The U.S. Army must move faster to deter near-term threats. Although the Army has a strategy to modernize the force by 2030, that is just seven years away and potentially four years too late if the Chinese Communist Party attempts to retake Taiwan by force by 2027, as our military commanders suggest.

To effectively deter Chinese President Xi Jinping, the U.S. Army must develop a clear and coherent strategy to fill the gap between now and 2030.

While the Army has prioritized readiness since 2019, we have yet to see meaningful results. In addition to the depletion of the Army’s munitions stockpiles as a result of the war in Ukraine, we are also still seeking to understand the Army’s broader changing munitions requirements.

New long-range weapons will not reach the hands of soldiers in time to make a difference in a potential crisis this decade in the Indo-Pacific region. Heavy armor, such as tanks, must be augmented and protected with loitering munitions we do not have. The service has underinvested in electronic warfare capabilities and made rosy assumptions about its ability to maintain communications in the event of a crisis.
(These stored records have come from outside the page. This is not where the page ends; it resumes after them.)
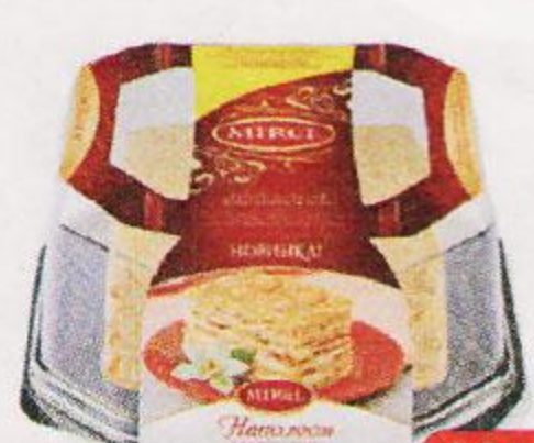
Торт MIREL , Наполеон, классический, 550 г
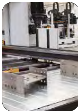
Dispositif de déchargement automatique par aimant

KATANA saws can be equipped with automatic:
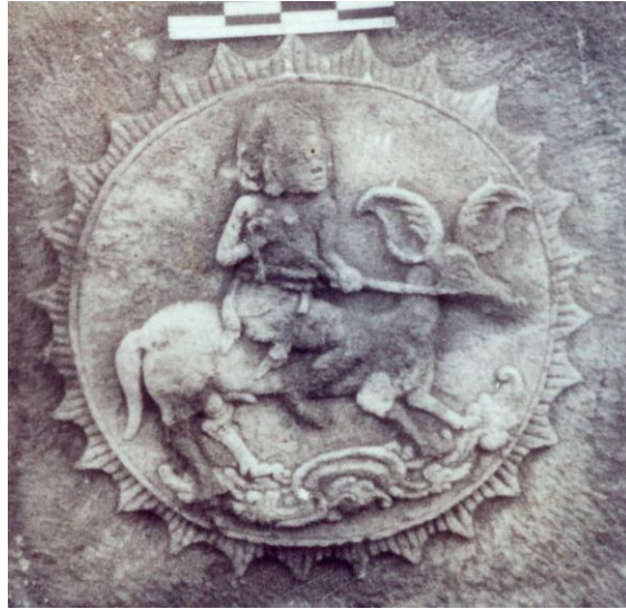
Gambar no. 6

Selagi terjadi masa puncak kebudayaan Hindu melalui kekuasaan Majapahit, bersamaan dengan masa tersebut tampaknya mulai abad XIII terdapatlah masyarakat pemeluk Islam yang bermukim tidak jauh dari istana. Dalam kaitan ini tampaknya Islam juga mempengaruhi tradisi penciptaan seni hias medalion beserta dengan kaligrafi mengiringi perkembangan khususnya pada seni bangun sakral atau turbah , yaitu gabungan antara masjid dan makam yang di dalamnya terdapat bangunan cungkup dan nisan. Selain ditempatkan pada bangunan sakral, medalion juga dipaparkan pada bangunan sekuler misalnya istana, rumah-rumah penduduk, dan taman. Hanya saja ketika itu seni arca mengalami kemunduran karena dikaitkan dengan kaidah hukum Islam tentang larangan untuk menggambarkan makhluk hidup. Sebaliknya dalam hal seni hias dengan motif tumbuh-tumbuhan terjadi perkembangan. Pelbagai ragam hias tersebut sering diwujudkan dalam bentuk medalion atau yang sejenis yang biasanya diukirkan pada bahan logam maupun kayu. Berbagai ornamen tumbuh-tumbuhan tersebut menjadi gaya motif lokal di antaranya adalah motif Majapahit, Pajajaran, Madura, Cirebon, Yogyakarta, Surakarta, Bali, dan Jepara.
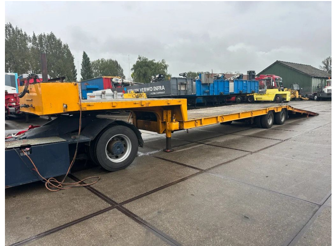
DEMICO 2 AXLE STEELSPRING
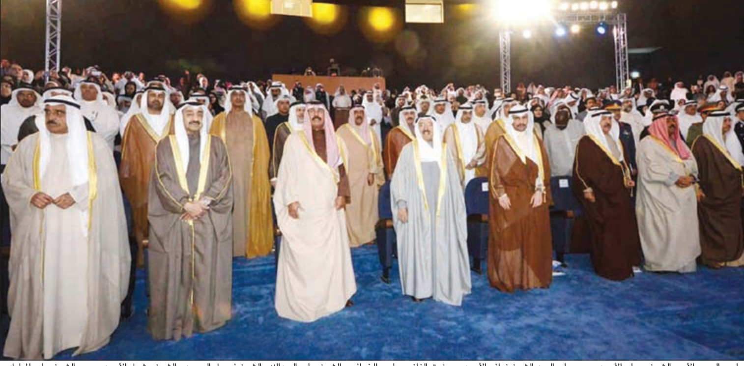
صاحب السمو الأمير الشيخ صباح الأحمد وسمو ولي العهد الشيخ نواف الأحمد ومرزوق الغانم وجاسم الخرافي والشيخ فيصل السعود والشيخ مشعل الأحمد وسمو الشيخ جابر المبارك
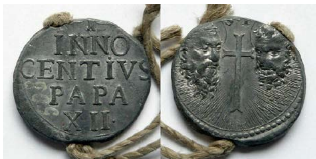
Pieczęć papieża Innocentego XII z XVII wieku.

była metalowa, dla jej ochrony sporządzano specjalne zabezpieczenie w postaci miski pieczętnej, drewnianej bądź metalowej puszki, często z ozdobnym wiekiem, pozłacanej, srebrzonej, czasami misternie kutej lub cyzelowanej. Ważnym aspektem związanym z odciskaniem pieczęci było też jej miejsce na dokumencie ( locus sigilli ), które bywało bardzo różne i zależało od wielu czynników. Jako jeden z najważniejszych należy wymienić pozycję społeczną i urząd pełniony przez dysponenta tła, następnie zwyczaj panujący w danej kancelarii, liczbę wszystkich przywieszanych bądź odcisniętych pieczęci, czas i okoliczności opieczętowania.
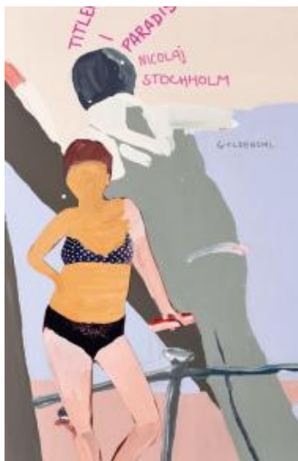
(/boeger/titlen-i-paradis) TITLEN I PARADIS (/BOEGER/TITLEN-I-PARADIS) Af Nicolaj Stochholm
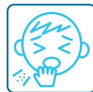
咳・息苦しさのある方
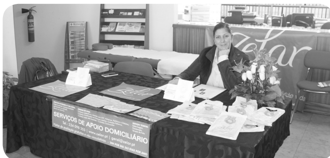
Zelar, Apoio Domiciliário
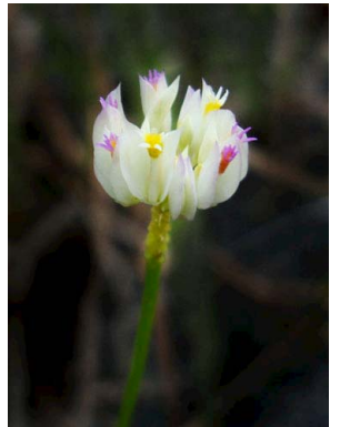
15 Polygala longicaulis
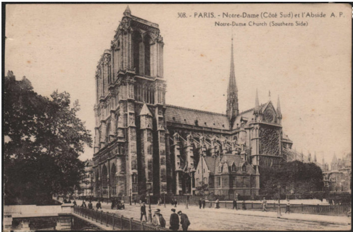
↗ Париж. Собор Паризької Божої Матері
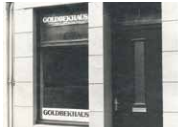
Büro Goldbekhaus 1979 in der Schinkelstraße

Wohnraum für Jugendliche, Gottschedstr. 6 Fon 040 279 64 74 | www.hude.de
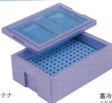
7-129-3 B-3-59 長角保温・保冷コンテナ RH-300型用中棚板 ¥3,000 (57.3×40.5×0.5) 梱100

蓄冷剤 ※外気温30℃、ボックス内予冷10℃で半分料理を入れた場合、蓄冷剤2個でコンテナ内部の保冷10℃約4時間の目安です。
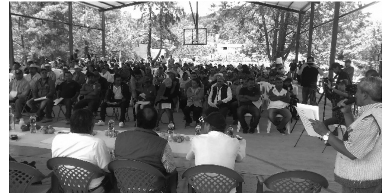
La Sierra (Filo de Caballos)
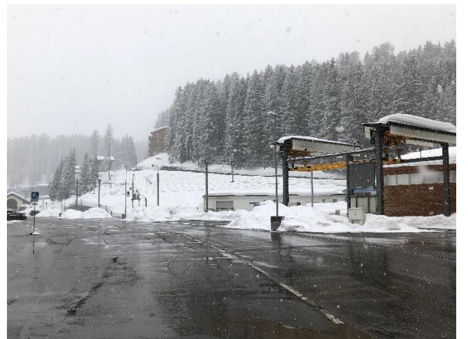
Abbildung 11: Installationsfläche Bahnhof Arosa
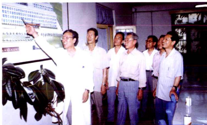
1992年5月,医院领导班子
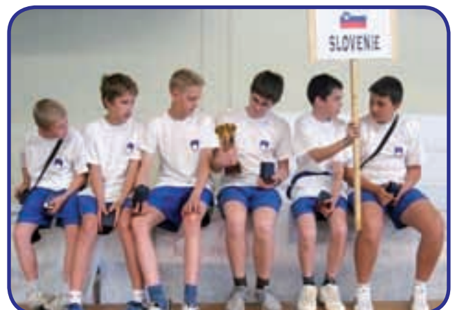
Naša reprezentanca v Franciji

Vrstni red: 1. Francija 9, 2. Italija 6, 3. Slovenija 1 (-18) , 4. Hrvaška 1 (-20).
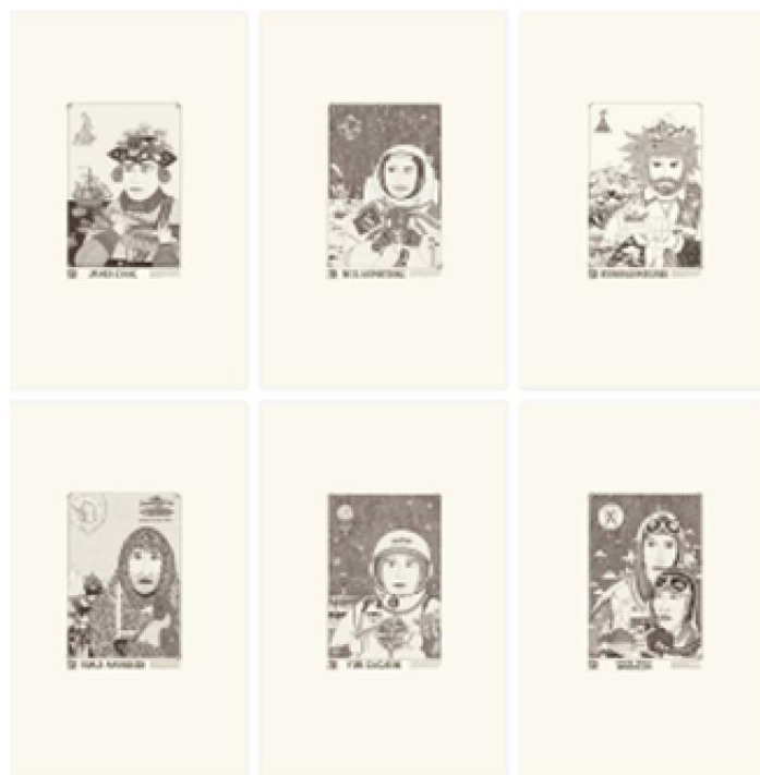
Рис.1. Хорошок Е., дипломний проект спеціаліста, серія плакатів «The One», 2011 р., кер. І. Яковець, С. Деркач
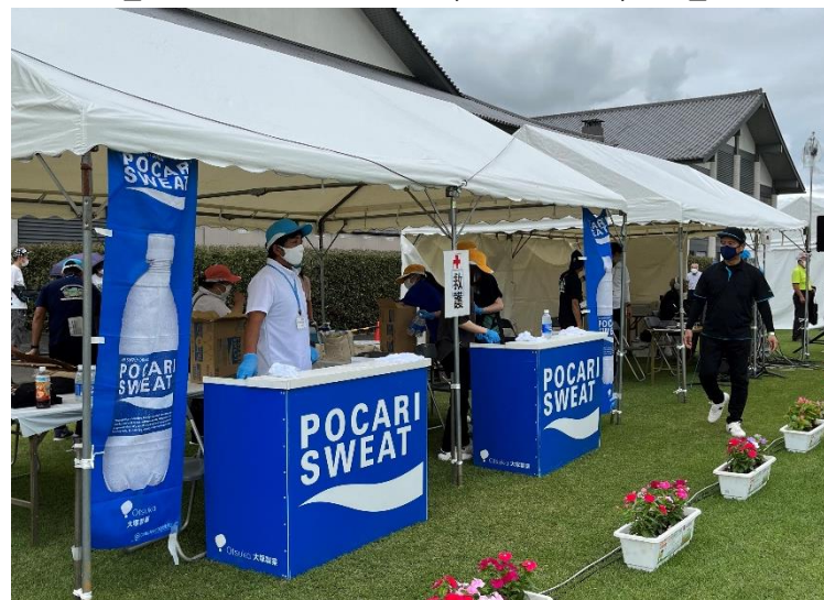
【ドリンク配布（那珂川町）】
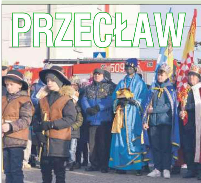
Mali pastuszkowie w Orszaku Trzech Króli.
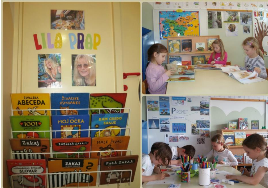
Slika 3: Avtorski in tematski knjižni kotički

V oddelku skrbim, da imajo otroci poleg vsakodnevnega branja/poslušanja pravljič in drugih literarnih del možnost dostopa do kakovostnih slikanic, ilustriranih knjig in revij v knjižnem kotičku, ki ga skupaj urejamo tematsko, ko raziskujemo izbrano temo (Bednjički Rošer 2016; 2015b) ali avtorsko z namenom ozaveščanja, da so zgodbe (pripovedovane, brane) ustvarili drugi, saj je ločevanje avtorja in pripovedovalca/bralca predšolskemu otroku v slušni recepcijski situaciji težavnejše kot kasneje v bralni situaciji (Bednjički Rošer 2014).
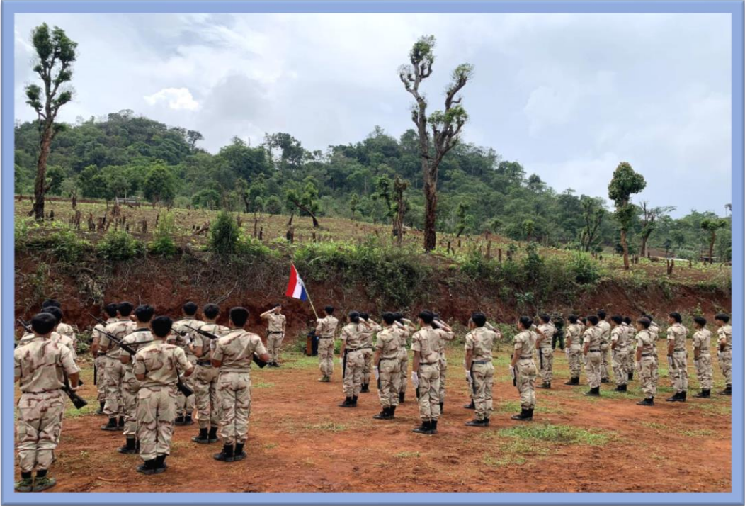
အဓိကရုဏ်းနှိမ်နင်းရေးနှင့် လုံခြုံရေးသင်တန်းပြုလုပ်နေသည့်မှတ်တမ်း

တရားရေးဌာန၊ အကျင့်စာရိတ္တပြုပြင်ရေးနှင့်ပြန်လည်ထူထောင်ရေးရုံး လက်အောက်ရှိ အကျဉ်းထောင်များတွင် တာဝန်ထမ်းဆောင်နေသည့် အကျဉ်းထောင်ဝန်ထမ်းများ၏ ရုံးလုပ်ငန်းနှင့် လုံခြုံရေးဆိုင်ရာ စွမ်းရည်မြှင့်တင်ရေးကိစ္စရပ်များကိုလည်း အလေးထား ဆောင်ရွက်ခဲ့ပါသည်။ အကျဉ်းထောင်အမှတ်(၁)တွင် အဓိကရုဏ်းနှိမ်နင်းရေးနှင့် လုံခြုံရေးသင်တန်းတစ်ရပ်အား ပြုလုပ်ဆောင်ရွက်ခဲ့ပါသည်။
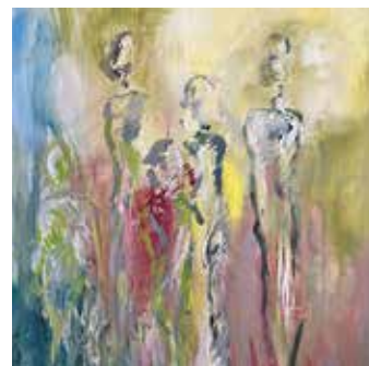
Werk: Iris Hetz

bis 18:00 Uhr, Samstag, Sonntag und Feiertage 11:00 bis 18:00 Uhr. Die Ausstellungsmöglichkeit wird durch das Landratsamt Bamberg unterstützt. Die TURM.ART IV stärkt die regionale Kunstszene und bietet Besucherinnen und Besuchern die Möglichkeit, zeitgenössische künstlerische Positionen in besonderer Atmosphäre zu erleben.
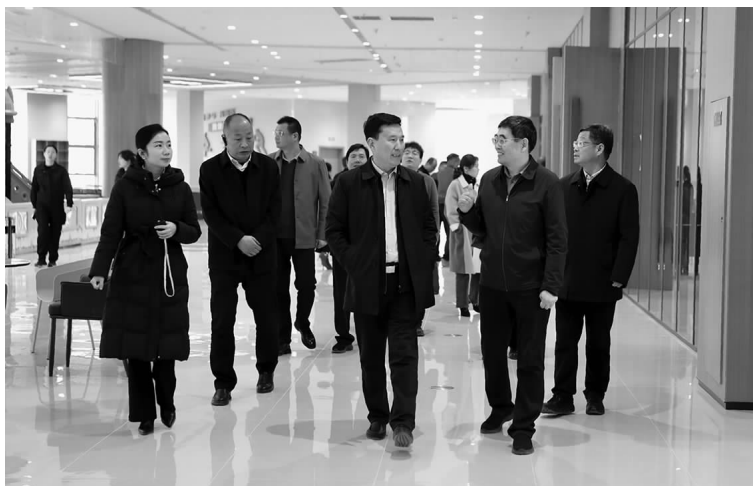
漯河市总工会调研三门峡职工之家。

三门峡市劳模工匠宣讲工作培训班在三门峡职工之家举办。各县(市、区)工会、市属机关工会和市属各系统、各基层工会的劳模工匠代表、宣讲骨干、工会宣教干部等 200 余人参加培训。

Here’s the good news: The Army and Congress can fix most of this within a few years if we take action now. In my role as chairman of the Tactical Air and Land Forces Subcommittee, I have prioritized laying the groundwork the Army needs through the House version of the National Defense Authorization Act for fiscal 2024.

First, the Army needs more munitions; we must close this gap. Until the U.S. military’s war-planning guidance for large-scale conflicts in Europe and the Indo-Pacific is updated to reflect a post-Ukraine invasion reality, Congress will struggle to send the right demand signal to the U.S. munitions-industrial base about how far they must accelerate production.

We cannot afford to repeat history by rapidly supercharging munitions procurement, only to undermine the industrial base when demand subsequently drops. To solve this problem, Congress requires updates to critical war plans from the U.S. military before the next budget cycle. The House defense authorization bill will require this update.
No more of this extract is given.